Senate Bill 567 (S-2) would:
o Require the Michigan Strategic Fund (MSF) to create and operate the Michigan Community Revitalization Program, which would provide community revitalization incentives in the form of grants, loans, and other economic assistance, for eligible investments on eligible property in Michigan. (These grants and loans could be assigned by the recipients to other parties.)
o The term "eligible investment" would be defined as one or more of the following: (1) any demolition, construction, alteration, rehabilitation, or improvement of buildings; (2) site improvements; (3) the addition of machinery, equipment, or fixtures to the approved project; (4) architectural, engineering, surveying, and similar professional fees, but not certain "soft" costs of the eligible investment as determined by the MSF Board, including developer fees, appraisals, performance bonds, closing costs, bank fees, loan fees, risk contingencies, financing costs, permanent or construction period interest, legal expenses, leasing or sales commissions, marketing costs, professional fees, shared savings, taxes, title insurance, bank inspection fees, insurance, and project management fees.
o The term "eligible property" refers, generally speaking, to "a facility," meaning a polluted property under the Natural Resources and Environmental Protection Act; a historic resource; blighted property; functionally obsolete property; and parcels that are adjacent to or contiguous to the previously mentioned categories of properties.
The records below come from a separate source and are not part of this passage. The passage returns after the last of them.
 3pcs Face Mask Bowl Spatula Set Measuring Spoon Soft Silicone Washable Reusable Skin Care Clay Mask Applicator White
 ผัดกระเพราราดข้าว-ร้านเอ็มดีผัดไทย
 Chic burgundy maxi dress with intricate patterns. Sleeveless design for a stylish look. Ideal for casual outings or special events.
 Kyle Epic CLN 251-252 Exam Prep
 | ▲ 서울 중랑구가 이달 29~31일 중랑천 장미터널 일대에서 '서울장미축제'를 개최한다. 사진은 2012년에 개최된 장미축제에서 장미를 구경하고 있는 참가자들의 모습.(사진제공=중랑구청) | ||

Incentives could not be approved for any property that was not eligible property.
o Require funds appropriated for the program to be placed in the 21st Century Jobs Trust Fund.
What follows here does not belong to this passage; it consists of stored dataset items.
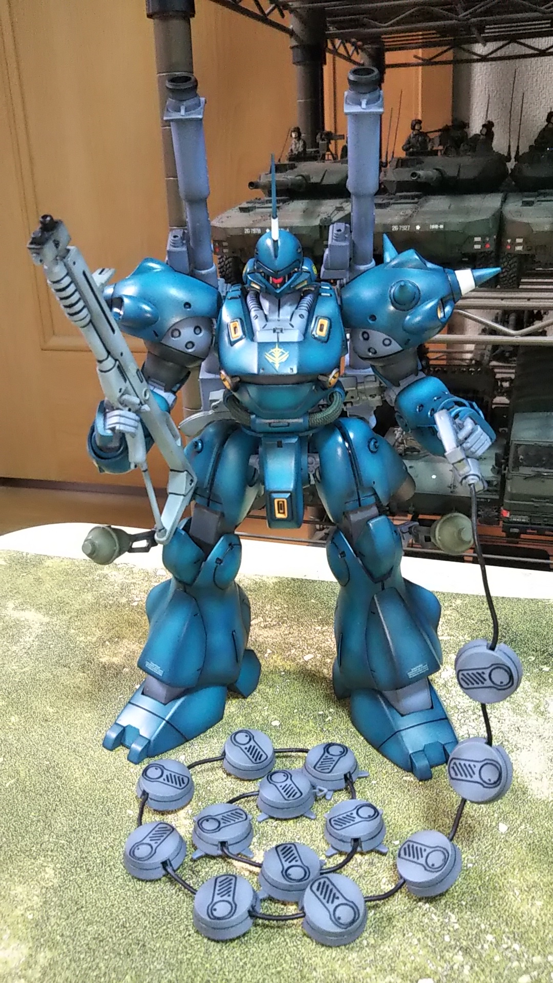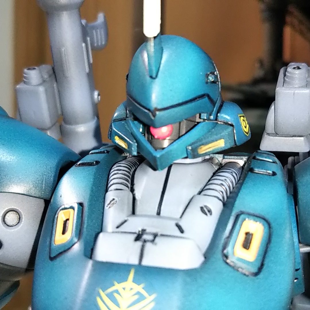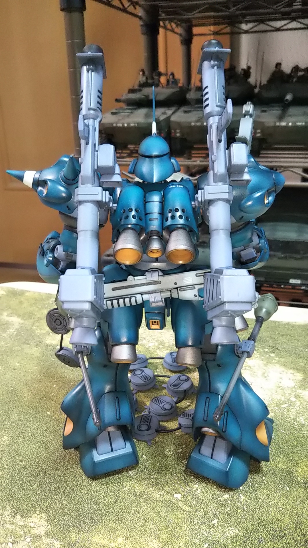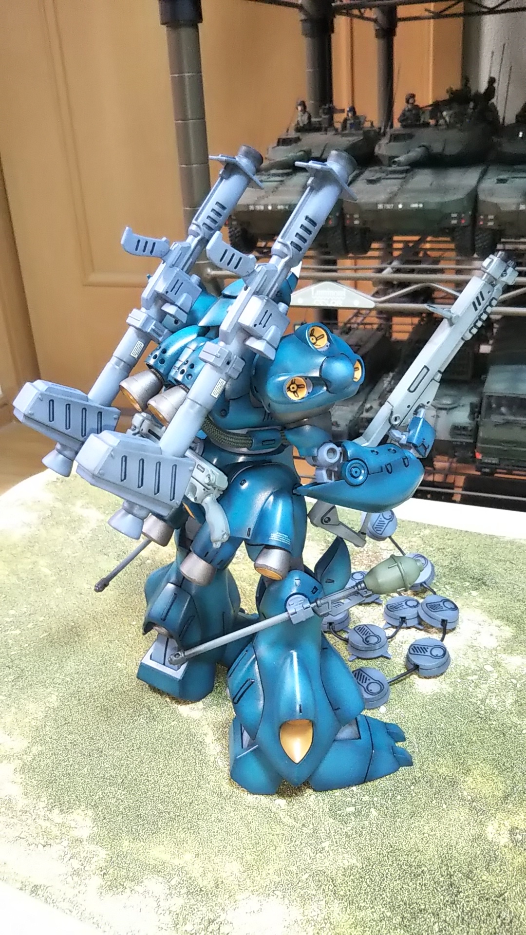 渋めの蒼いボディに武装は薄めのグレーが使い込まれた雰囲気出ていてカッコイイです(zaku-kao6)!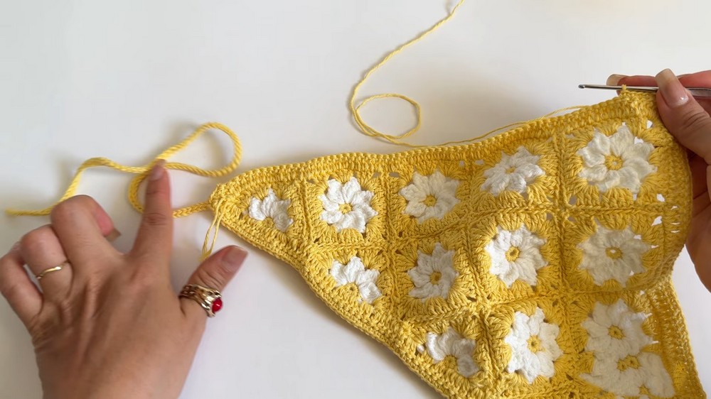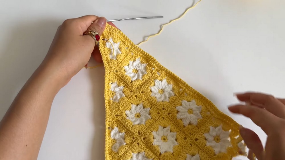 Once the squares and triangles are secured, a border of double crochet stitches is worked around the piece to enhance its overall shape.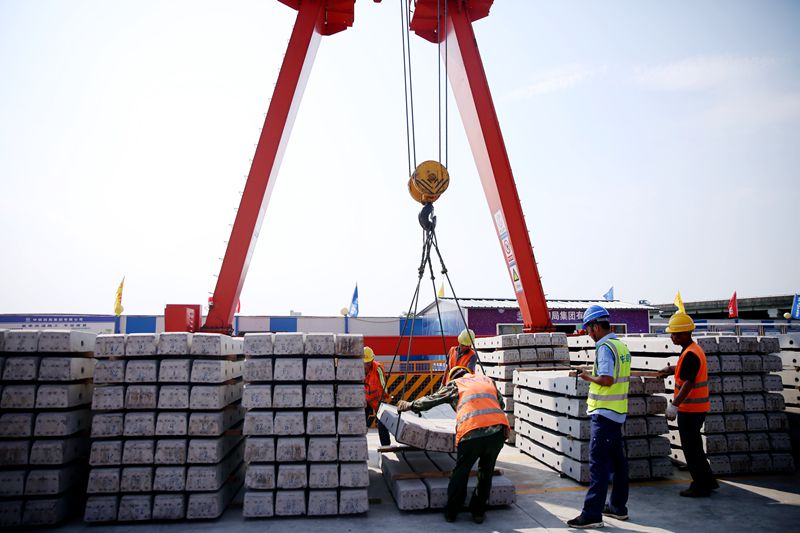 下午,記者看到作業(yè)人員將鋼軌、軌枕、扣件拼裝成軌排,再用龍門(mén)吊將拼裝好的軌排吊至軌道車(chē)上。所有施工流程一氣呵成,井井有條。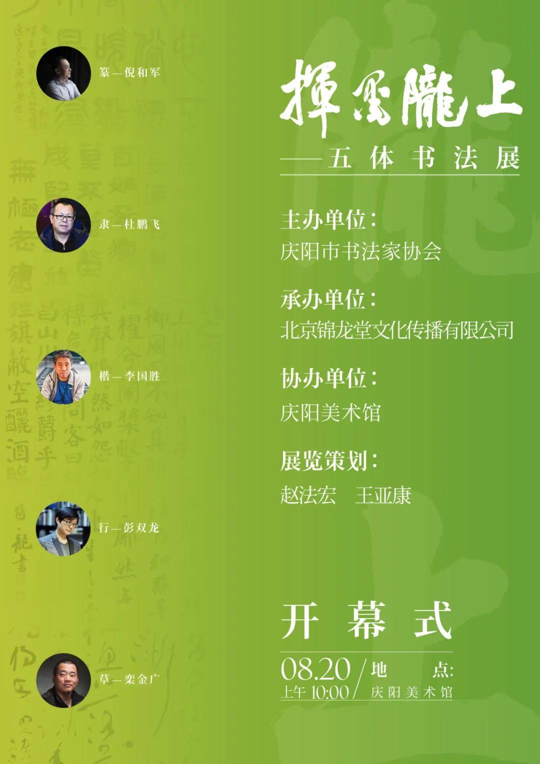 為了穩(wěn)步推進(jìn)慶陽(yáng)文藝事業(yè)高質(zhì)量發(fā)展,進(jìn)一步開闊書法人創(chuàng)作視野,提升創(chuàng)作水平,促進(jìn)學(xué)習(xí)交流。慶陽(yáng)市書法家協(xié)會(huì)聯(lián)合北京錦龍?zhí)梦幕瘋鞑ビ邢薰咎匮珖?guó)中青年書法家倪和軍、杜鵬飛、李國(guó)勝、彭雙龍、欒金廣前來慶陽(yáng)舉辦書法五體展 , 他們都是活躍在當(dāng)下書壇的實(shí)力派書法家,具有高水平的創(chuàng)作實(shí)踐和前瞻的創(chuàng)作理念,展出的100件作品根植傳統(tǒng)、守正創(chuàng)新,風(fēng)格多樣、異彩紛呈,從各自不同的藝術(shù)角度,用豐富的書法語(yǔ)言,詮釋著中華優(yōu)秀傳統(tǒng)文化的博大精深和無窮魅力。他們聯(lián)袂呈現(xiàn)的書法盛宴,為慶陽(yáng)本地書法家、書法愛好者學(xué)習(xí)、互鑒、交流搭建了有益平臺(tái),必將為慶陽(yáng)書法事業(yè)和人才建設(shè)起到積極的推動(dòng)作用。

o Specify criteria for the MSF to consider when evaluating an application for incentives. Specifically, the Fund must apply the following criteria:
-- The importance of the project to the community in which it is located.
-- If the project will act as a catalyst for additional revitalization of the community.
-- The amount of local community and financial support for the project.
-- The applicant's financial need for a community revitalization incentive.
-- The extent of reuse of vacant buildings, reuse of historical buildings, and redevelopment of blighted property.
-- The creation of jobs.
-- The level of private sector and other contributions, including federal funds and federal tax credits.
-- Whether the project is financially and economically sound.
-- Whether the project increases the density of the area.
-- Whether the project promotes mixed-use development and workable communities.
-- Whether the project converts abandoned public buildings to private use.
-- Whether the project promotes sustainable development.
-- Whether the project involves the rehabilitation of a historic resource.
-- Whether the project addresses area redevelopment.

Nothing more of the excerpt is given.